--- Supplied material Enclosed Below ---
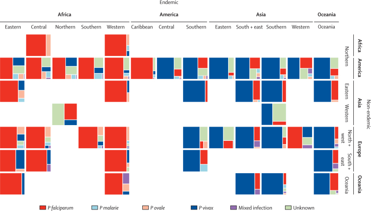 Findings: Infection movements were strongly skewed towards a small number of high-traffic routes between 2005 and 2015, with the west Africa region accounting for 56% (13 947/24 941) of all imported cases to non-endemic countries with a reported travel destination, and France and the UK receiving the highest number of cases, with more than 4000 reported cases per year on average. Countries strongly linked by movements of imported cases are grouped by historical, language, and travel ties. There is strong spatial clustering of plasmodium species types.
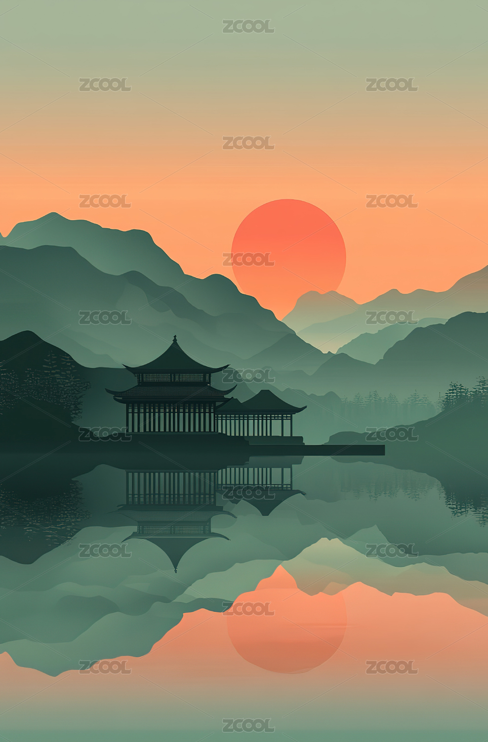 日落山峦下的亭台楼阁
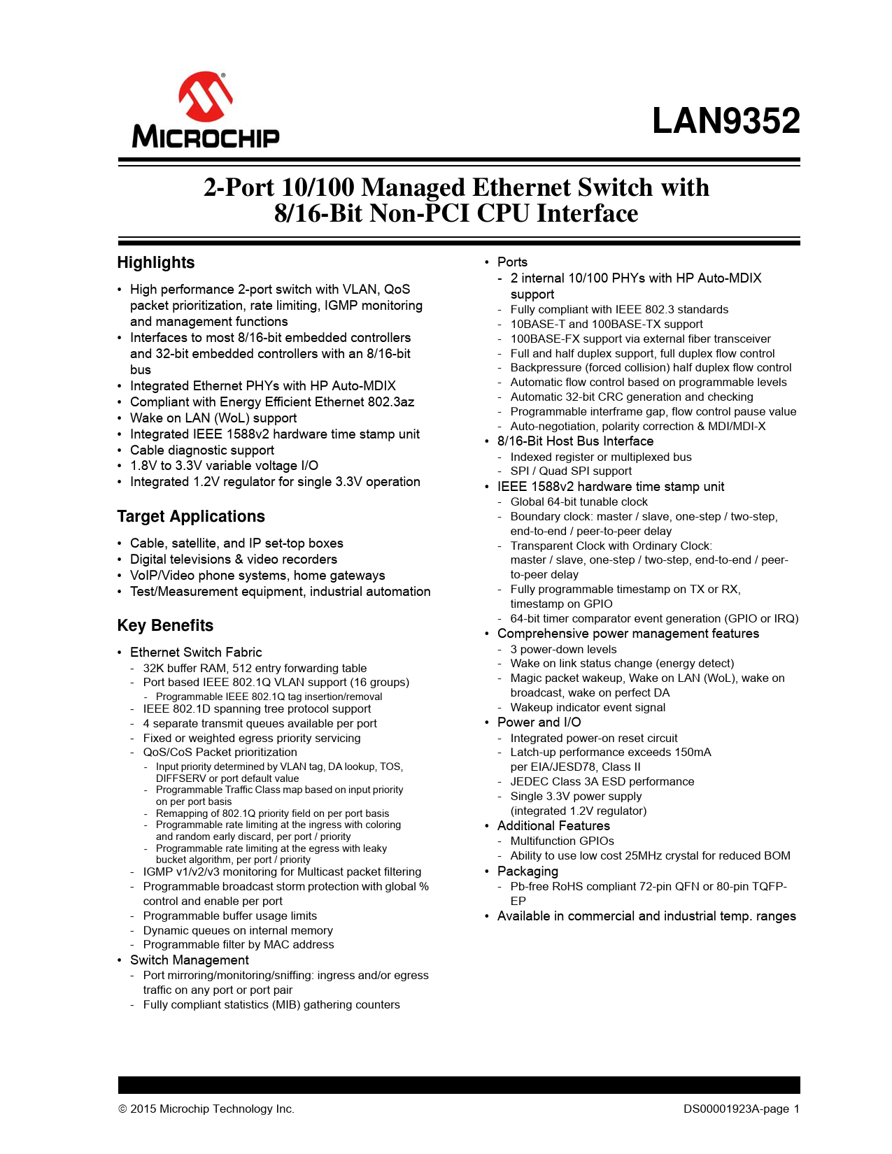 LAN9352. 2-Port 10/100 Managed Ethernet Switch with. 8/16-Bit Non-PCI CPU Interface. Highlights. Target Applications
--- End of Enclosed Supplied material ---
About this exercise - Go through the listing above and write it all out exactly, leaving out any picture.

Exercise output -
 Findings: Infection movements were strongly skewed towards a small number of high-traffic routes between 2005 and 2015, with the west Africa region accounting for 56% (13 947/24 941) of all imported cases to non-endemic countries with a reported travel destination, and France and the UK receiving the highest number of cases, with more than 4000 reported cases per year on average. Countries strongly linked by movements of imported cases are grouped by historical, language, and travel ties. There is strong spatial clustering of plasmodium species types.
 日落山峦下的亭台楼阁
 LAN9352. 2-Port 10/100 Managed Ethernet Switch with. 8/16-Bit Non-PCI CPU Interface. Highlights. Target Applications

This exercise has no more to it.